Fit for an Autopsy is an American deathcore band from Jersey City, New Jersey, formed in 2008. The band consists of guitarists Pat Sheridan, Will Putney and Tim Howley, drummer Josean Orta, vocalist Joe Badolato, and bassist Peter "Blue" Spinazola. They are currently signed to Nuclear Blast and have released six studio albums since formation.

History 
The band released their first demo in 2008, followed a year later by the group's first EP, Hell on Earth. In 2011, Fit for an Autopsy released their debut studio album, The Process of Human Extermination.

In September 2013, the band released their second studio album, Hellbound. Less than a year later, in April 2014, the band announced that vocalist Nate Johnson would be leaving the band. Greg Wilburn of the Devastated was immediately named as Johnson's temporary replacement.

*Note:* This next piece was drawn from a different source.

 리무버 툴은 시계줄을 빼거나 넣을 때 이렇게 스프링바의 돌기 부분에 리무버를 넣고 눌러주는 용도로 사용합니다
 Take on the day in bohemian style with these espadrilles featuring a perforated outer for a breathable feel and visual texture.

In early 2015, the band announced the departure of Greg Wilburn and the addition of their new vocalist, Joe Badolato. Along with this, they announced that they were in the writing process for a new album. This third studio album, named Absolute Hope Absolute Hell, was released on October 2, 2015.

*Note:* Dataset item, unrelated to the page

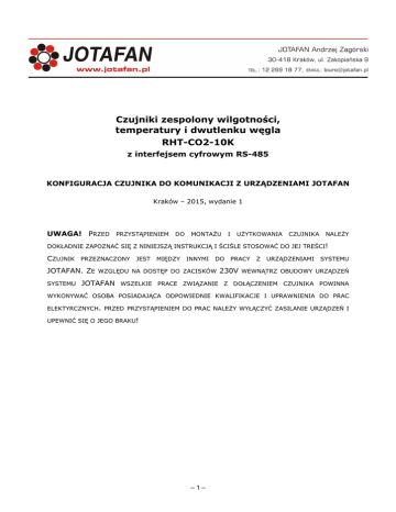 Czujniki zespolony wilgotności, temperatury i dwutlenku węgla RHT-CO2-10K z interfejsem cyfrowym RS-485 KONFIGURACJA CZUJNIKA DO KOMUNIKACJI Z URZĄDZENIAMI JOTAFAN Kraków – 2015, wydanie 1 UWAGA! PRZED PRZYSTĄPIENIEM DO MONTAŻU I UŻYTKOWANIA CZUJNIKA NALEŻY DOKŁADNIE ZAPOZNAĆ SIĘ Z NINIEJSZĄ INSTRUKCJĄ I ŚCIŚLE STOSOWAĆ DO JEJ TREŚCI! CZUJNIK PRZEZNACZONY JEST MIĘDZY INNYMI DO PRACY Z URZĄDZENIAMI SYSTEMU JOTAFAN. ZE WZGLĘDU NA DOSTĘP DO ZACISKÓW 230V WEWNĄTRZ OBUDOWY URZĄDZEŃ SYSTEMU JOTAFAN WSZELKIE PRACE ZWIĄZANIE Z DOŁĄCZENIEM CZUJNIKA POWINNA WYKONYWAĆ OSOBA POSIADAJĄCA ODPOWIEDNIE KWALIFIKACJE I UPRAWNIENIA DO PRAC ELEKTYRCZNYCH. PRZED PRZYSTĄPIENIEM DO PRAC NALEŻY WYŁĄCZYĆ ZASILANIE URZĄDZEŃ I UPEWNIĆ SIĘ O JEGO BRAKU! –1– 1. Konfiguracja czujnika do komunikacji z urządzeniami JOTAFAN Aby czujnik mógł poprawnie współpracować z urządzeniami JOTAFAN należy ustawić mikroprzełączniki (grupa 8 mikroprzełączników przy znaku CE) wewnątrz obudowy. W tym celu należy odkręcić wieko obudowy czujnika, dokonać zmiany i ponownie zakręcić dbając o równomierne rozłożenie siły docisku oraz poprawne położenie uszczelki gumowej. Zaleca się określenie przy zamawianiu czujnika jego zastosowania w celu dokonania konfiguracji przez producenta. • Regulator TERMISTAT-6-4S-485-LCD+: 2,6,7 ON, pozostałe OFF Czujnik RHT-CO2-10K jest traktowany przez sterownik TERMISTAT jako dwa niezależne czujniki: RHT-01 i CO2-10K. Należy więc w zależności od potrzeb odpowiednio ustawić nastawy w menu „Czujniki wilgotności” i „Czujniki CO2” w sterowniku TERMISTAT. • Regulator VIRGO: Czujnik RHT-CO2-10K jest traktowany przez sterownik VIRGO jako dwa niezależne czujniki: RHT-01 i CO2-10K. Gdy chcemy wykorzystać oba czujniki to należy je załączyć w sterowniku VIRGO (nastawa Zainstal. czuj. z menu „Czujniki”) jako czujniki o numerach różniących się o dwa (np. 1 i 3, 2 i 4) oraz dla czujnika o mniejszym numerze trzeba ustawić nastawę Typ czujnika = „RHT-01” a dla czujnika o większym numerze: Typ czujnika = „CO2-10K”. Numer mikroprzełącznika 1, 2, 3, 4 5, 6, 7, 8 Położenie OFF, ON, OFF, ON, OFF, ON, OFF, ON, OFF, ON, OFF, ON, OFF, ON, OFF, ON, OFF, OFF, OFF, ON, ON, OFF, OFF, ON, ON, OFF, OFF, ON, ON, OFF, OFF, ON, ON, ON, OFF, OFF, OFF, OFF, ON, ON, ON, ON, OFF, OFF, OFF, OFF, ON, ON, ON, ON, ON, Opis OFF OFF OFF OFF OFF OFF OFF OFF ON ON ON ON ON ON ON ON OFF –2– położenie zabronione położenie zabronione czujnik: CO2-10K nr 3, RHT-01 nr 1 czujnik: CO2-10K nr 4, RHT-01 nr 2 czujnik: CO2-10K nr 5, RHT-01 nr 3 czujnik: CO2-10K nr 6, RHT-01 nr 4 czujnik: CO2-10K nr 7, RHT-01 nr 5 czujnik: CO2-10K nr 8, RHT-01 nr 6 czujnik: CO2-10K nr 9, RHT-01 nr 7 czujnik: CO2-10K nr 10, RHT-01 nr 8 czujnik: CO2-10K nr 11, RHT-01 nr 9 czujnik: CO2-10K nr 12, RHT-01 nr 10 czujnik: CO2-10K nr 13, RHT-01 nr 11 czujnik: CO2-10K nr 14, RHT-01 nr 12 czujnik: CO2-10K nr 15, RHT-01 nr 13 czujnik: CO2-10K nr 16, RHT-01 nr 14 Położenie wymagane OZNAKOWANIE WEEE Zużytego sprzętu elektrycznego i elektronicznego nie wolno wyrzucać razem ze zwykłymi odpadami. Według dyrektywy WEEE (Dyrektywy 2002/96/EC) obowiązującej w UE dla używanego sprzętu elektrycznego i elektronicznego należy stosować oddzielne sposoby utylizacji. W Polsce zgodnie z przepisami ustawy z dnia 1 lipca 2005r. o zużytym sprzęcie elektrycznym i elektronicznym zabronione jest umieszczanie łącznie z innymi odpadami sprzętu oznakowanego symbolem przekreślonego kosza. Użytkownik, który zamierza się pozbyć tego produktu, jest obowiązany do oddania ww. do punktu zbierania zużytego sprzętu. Punkty zbierania prowadzone są m.in. przez sprzedawców hurtowych i detalicznych tego sprzętu oraz gminne jednostki organizacyjne prowadzące działalność w zakresie odbierania odpadów. Prawidłowa realizacja tych obowiązków ma znaczenie zwłaszcza w przypadku, gdy w zużytym sprzęcie znajdują się składniki niebezpieczne, które mają negatywny wpływ na środowisko i zdrowie ludzi. –3–

In July 2016, the band announced a split-EP, named The Depression Sessions, with fellow deathcore bands Thy Art Is Murder and The Acacia Strain. The EP was released on August 12, 2016.

The band released a new song, "Heads Will Hang", from their fourth studio album The Great Collapse on January 31, 2017. The album was released on March 17, 2017. On May 8, 2018, Fit For An Autopsy announced they signed with Nuclear Blast.

On October 25, 2019, the band released their fifth studio album The Sea of Tragic Beasts through Nuclear Blast.

On April 6, 2020, the band released a standalone single "Fear Tomorrow" through Nuclear Blast.

On September 22, 2021, the band announced their new sixth studio album Oh What the Future Holds. Two days later, they released the album's first single "Far from Heaven". The song was later elected by Loudwire as the 35th best metal song of 2021. The album was released on January 14, 2022. Loudwire later noted Oh What the Future Holds as one of the Best Rock + Metal Albums of 2022.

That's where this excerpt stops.